There's a lot to say about the first two months with Nala but let's leave that on another post and hopefully, better photos of her.

Next up is my new tarantula. It's a Brachypelma boehmei or the Mexican Fireleg. It's a new world tarantula meaning it's a lot more docile and have a different defense mechanism from the old world tarantulas. They have urticating hair that they release if they feel threatened. These are hairs that have spikes on them that make them very itchy when it comes in contact with your skin. I haven't held my tarantula since I got it and has molted last New Year's Eve along with the fireworks. I've only had it for four (4) days now and I haven't fed it anything yet since I have to wait a week or so after molting.
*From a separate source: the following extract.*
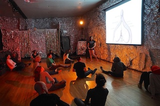 The very next day, I was confronted by provocations, irony, humor, bickering, anger, feminism, loneliness, information about the clitoris, nudity, sensuality, a talking belly button, and more at Gabi and Nicole’s show. A trailer for their short film Chicken Fight (which also had its own Kickstarter campaign, goal: $1,000, 000) started the evening. Fast frames shifted between slapstick comedy, intimate girltalk, fighting and talking fist puppets. Sometimes funny and mostly confusing, what I got was that Gabi and Nicole fight—because they are friends who disagree and also because they made less money than any of the other people who worked on this project.

It's roughly around half an inch now and I'm hoping that it comes out as a Mexican Fireleg or else this post would be dumb. Tarantula slings of the same family looks the same and for a beginner like me, the only thing I'm grasping on is the word of the previous owner I got it from. I'll be trying to feed it with lats roughly around three or four days from now and I wish I get to see her devour it. That is one of the joys of owning exotic pets, live feeding. It's on a delicup right now and I'm looking forward to rehousing it once it gets big enough.

One stressful experience we've had together was when her previous enclosure fell and all the substrate was on the table. Luckily, it didn't fell outside and was covered in substrate inside its enclosure. This is why I decided to put it back in a delicup since its smaller and looking for the food I give it would be easier. It also has a small burrow that is not visible on the picture I provided but it doesn't really like to hang around inside it. It's very active and would run around when I check on it. Honestly, owning tarantulas even this small, is a fun experience.

With this exotic life, I began breeding mealworms now and also trying to breed dubia roaches. I recently began with lats as well. This provides me fresh treats for my hedgehog and food for my tarantula. I suggest you do the same if you want the highest quality for them. If you can avoid dried mealworms as much as you can, do so. Mealworms aren't that hard to keep and the beetles are easier to keep as well. Remember that what you feed your feeder insects are what your pets get. The only problem you need to look out for are ants and mites as these would cause stress to your tarantula. Surround your enclosures with water and you'll be free from ants in no time. Just remember to fill it up if you see that it's drying up. I'll try to give a more detailed post about them once I have the time but for now, if you're planning to get an exotic pet, remember that they do not require much handling and interaction with them should be minimal.